An hour after she first came to cast her ballot, Jennifer Bongiovani, a 26 year-old who works in sales, was back at the church cheering when the McCain convoy pulled into the driveway.  

She said she wasn’t sure at first who to vote for. “I studied and went back and forth,” she said, but then she settled on McCain. “With all the bad stuff that’s happened, we need someone to clean the mess first. And that man is McCain. It’s not time for change and Obama, yet.”

High turnout expected

It was a short night for the Republican candidate. Breaking with tradition, McCain hasn’t yet called off his campaign. His last Arizona rally was held in the wee hours of the morning Tuesday in the town of Prescott. Two more stops in New Mexico and Colorado, two neighbouring battlegrounds, were added to his Election Day schedule. He’s expected back in Phoenix at the close of polls.

“Nobody knows what the voter turnout's going to be,” McCain told “Good Morning America” on ABC in an interview hours before polls opened. “I'm very happy with where we are. We always do best when I'm a bit of an underdog.”

In the Maricopa County, which includes the city of Phoenix, officials projected an 80-85% turnout, one of the highest in the county’s history.

Lines outside polling stations stretched longer as the morning went on, with some voters showing up as early as 4am to be the first to vote. “I was at my Glenrosa polling station at 5:30 and there were already a hundred people in front of me,” said Ross Perry, the husband of the Albright Unitarian Methodist Church’s Pastor.

And most people didn’t mind the wait. “It does feel better to vote on Election Day,” said Steve Stanley, a 60-year-old graphic designer and Obama supporter. “You wait in line with other voters, it’s more rewarding.”

According to officials, 827,380 Maricopa County residents had requested absentee ballots or had voted as of 2 pm Friday.
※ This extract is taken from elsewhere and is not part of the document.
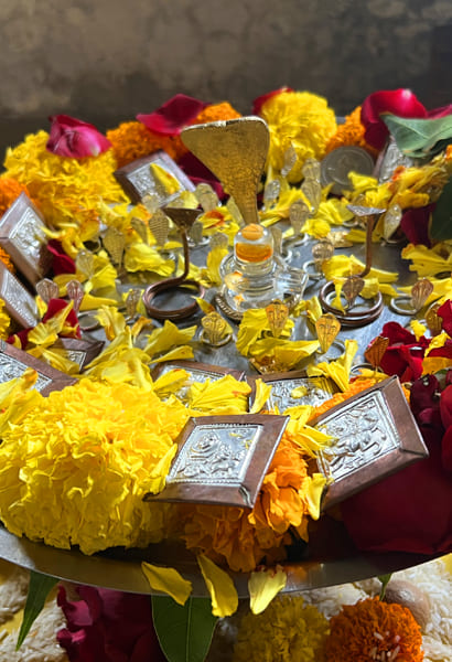 Kalsarp puja is one of the most powerful spiritual practices that aims to align planetary energies and make positive changes in your life. You must approach this Puja with honesty, faith and a sincere desire for spiritual development. The astrological phenomenon of Kalsarp dosha occurs when all the planets are placed between the shadow of Rahu and the shadow of Ketu in your birth chart. It is believed that this dosha brings various difficulties and obstacles into your life. The traditional remedy for this dosha is Kalsarp puja.
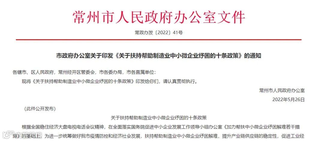 根据全国稳住经济大盘电视电话会议精神,在全面落实国务院促进中小企业发展工作领导小组办公室《加力帮扶中小微企业纾困解难若千措施》的基础上,为进一步统筹做好常州市疫情防控和经济社会发展,扶持帮助制造业中小微企业纾困解难,提升产业链供应链的稳定性,促进工业经济平稳健康发展,特制订如下政策措施(简称“助力中小微纾困新十条〞)。

Sixty-eight percent of those ballots have been returned. There are about 1.7 million registered voters in the county.


Economics platform vs experience

Rushing back to his car for a post-ballot cigarette, John Hamel said his vote went to Obama.  “I’m looking at property in Argentina,” he says, half-jokingly. “If McCain is elected, I’m out of here.”

The 53-year-old engineer said he was sold on Obama’s economics policies. “McCain doesn’t anything about economics. When he was interviewed on 60 Minutes, he was asked ‘Senator, are we in a recession?’ He didn’t know the definition. A good leader would have said, ‘No, not yet, but we need to work hard to avoid it.”
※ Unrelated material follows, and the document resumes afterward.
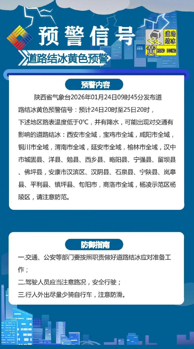 瞻望24日20时至25日20时,下述地区路表温度低于0℃,并有降水,可能出现对交通有影响的谈路结冰:西安市全域,宝鸡市全域,咸阳市全域,铜川市全域,渭南市全域,延安市全域,榆林市全域,汉中市城固县、洋县、勉县、西乡县、略阳县、宁强县、留坝县、佛坪县,安康市汉滨区、汉阴县、石泉县、宁陕县、岚皋县、平利县、镇坪县、旬阳市,商洛市全域,杨凌示范区杨陵区,请注释正经。

Among Republican voters leaving the polling station, Obama’s lack of experience was a recurring argument. Mark and Kathrina Lazare, who described themselves as small-business owners, showed up to the church with handmade posters. One said “No experience, NObama,” the other urged to “Use you brain, vote McCain.”

Asked if John F. Kennedy hadn’t proven that experience was not all that it took to be a good president, Lazare, wearing a shirt that looked like it had been pieced together with parts of the US flag, said no. “Under JFK, we came close to the Cuba Missile crisis and that’s what’s going to happen to Obama,” he said. “Once elected, the world will test him.”

Vicky Vos, a saleswoman about to lose her job, and her daughter Sarah Jones, a medical assistant, voted together although not for the same candidate. While her mother raved about McCain as an experienced senator who has always done what he was asked to do, Vicky smiled. “Based on what I heard at the debates, I think Obama is a better choice,” she said.